Let’s look at his many, many defenses of “stop and frisk,” though he has now apologized, multiple times—since he began running for president. Let’s look at the record of his business, where women have complained of a hostile work environment. He’s on record saying, “If women wanted to be appreciated for their brains, they’d go to the library instead of to Bloomingdale’s,” according to The New York Times. He once pitched his hallmark business terminals as machines that “do everything,” apparently including “blowjobs,” adding, “I guess that puts a lot of you girls out of business.” He won’t release women who’ve sued his company from secrecy agreements they made in exchange for settlements, saying, “They’re legal agreements, and for all I know the other side wouldn’t want to get out of it.” (Of course, if he wanted to liberate the women, he could talk to them. Or have one of his more than 1,000 campaign staffers do so.)
Bloomberg has defended his friend the former CBS and PBS star Charlie Rose from documented accusations of sexual harassment. “You know, is it true?” he asked. “You look at people that say it is, but we have a system where you have—presumption of innocence is the basis of it.”
I attended an Emily’s List event where the group, which I support, came under fire for having Bloomberg as a speaker, given his then-recent #MeToo skepticism. A chastened Bloomberg took the stage. “Thanks to so many women who have courageously spoken out, the #MeToo movement has shone a spotlight on sexual assault, abuse, and harassment that, disgracefully, society has tolerated for a very long time,” he said.
Just before he announced his run for president, a spokesman apologized. “Mike has come to see that some of what he has said is disrespectful and wrong. He believes his words have not always aligned with his values and the way he has led his life.” I should also say Bloomberg is staunchly pro-choice and has also put his money there.
But Bloomberg hasn’t only had disturbing views on gender and pushed harmful policies on race. Even before he jumped into the Democratic race, he attacked Senators Bernie Sanders and Elizabeth Warren for their progressive tax policies, taking special aim at Warren’s wealth tax, which he said “just doesn’t work,” insinuating that she pursued the policy just “to be mean.”
The base of the party has shifted to support Sanders’s and Warren’s ideas on tax hikes, free college, and even (in some polls) Medicare for All. I’d like to see Bloomberg explain why he’s right, and so many Democratic voters, whose support he needs, are wrong.
And there’s more: Bloomberg supported George W. Bush against John Kerry in 2004. In 2008, he blamed the mortgage crisis on the end of “redlining,” the discriminatory practice of banks declaring poor and mostly minority neighborhoods ineligible for lending.
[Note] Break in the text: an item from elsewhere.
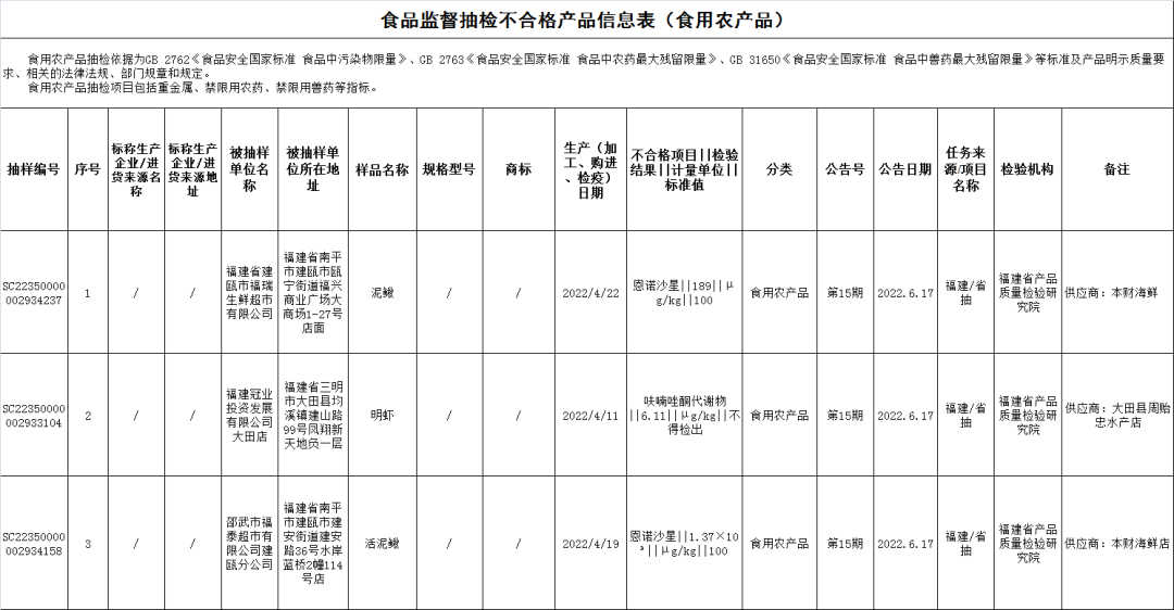 兽药残留问题 福建省建瓯市福瑞生鲜超市有限公司销售的泥鳅(购进日期为2022年4月22日),恩诺沙星不合格,检验机构为福建省产品质量检验研究院; 福建冠业投资发展有限公司大田店销售的明虾(购进日期为2022年4月11日),呋喃唑酮代谢物不合格,检验机构为福建省产品质量检验研究院; 邵武市福泰超市有限公司建瓯分公司销售的活泥鳅(购进日期为2022年4月19日),恩诺沙星不合格,检验机构为福建省产品质量检验研究院。

As recently as 2014 Bloomberg supported Michigan’s GOP Governor Rick Snyder, who is hugely responsible for the toxic water crisis in Flint.
I respect quite a few of the elected officials who back Bloomberg now. The vulnerable 2018 House incumbents who back Bloomberg are terrified that the Democratic primary could result in either party infighting or an unelectable candidate. And there are party leaders who think everyone, from Sanders and Warren on the left, to moderate flavors of the month Pete Buttigieg and Amy Klobuchar, are all unelectable. I’m sorry I left out former vice president Joe Biden there; his collapse paved the way for Bloomberg, and it gives me no pleasure to say that I believe his campaign is dead.
So it’s time for Bloomberg to come out of hiding and face his fellow Democratic candidates and the media. He cannot win without presenting a compelling case for his candidacy beyond great ads. Democrats need to know the man, and they need to see him in action, defending or abandoning his past policies, explaining where and why he’s changed his mind, and showing why he’s the man for this moment.
I confess, I’d love to have his billions against Donald Trump. But I’d prefer a massive voter movement to defeat the incumbent. If Bloomberg can do both, more power to him. If he can’t, the sooner we know, the better.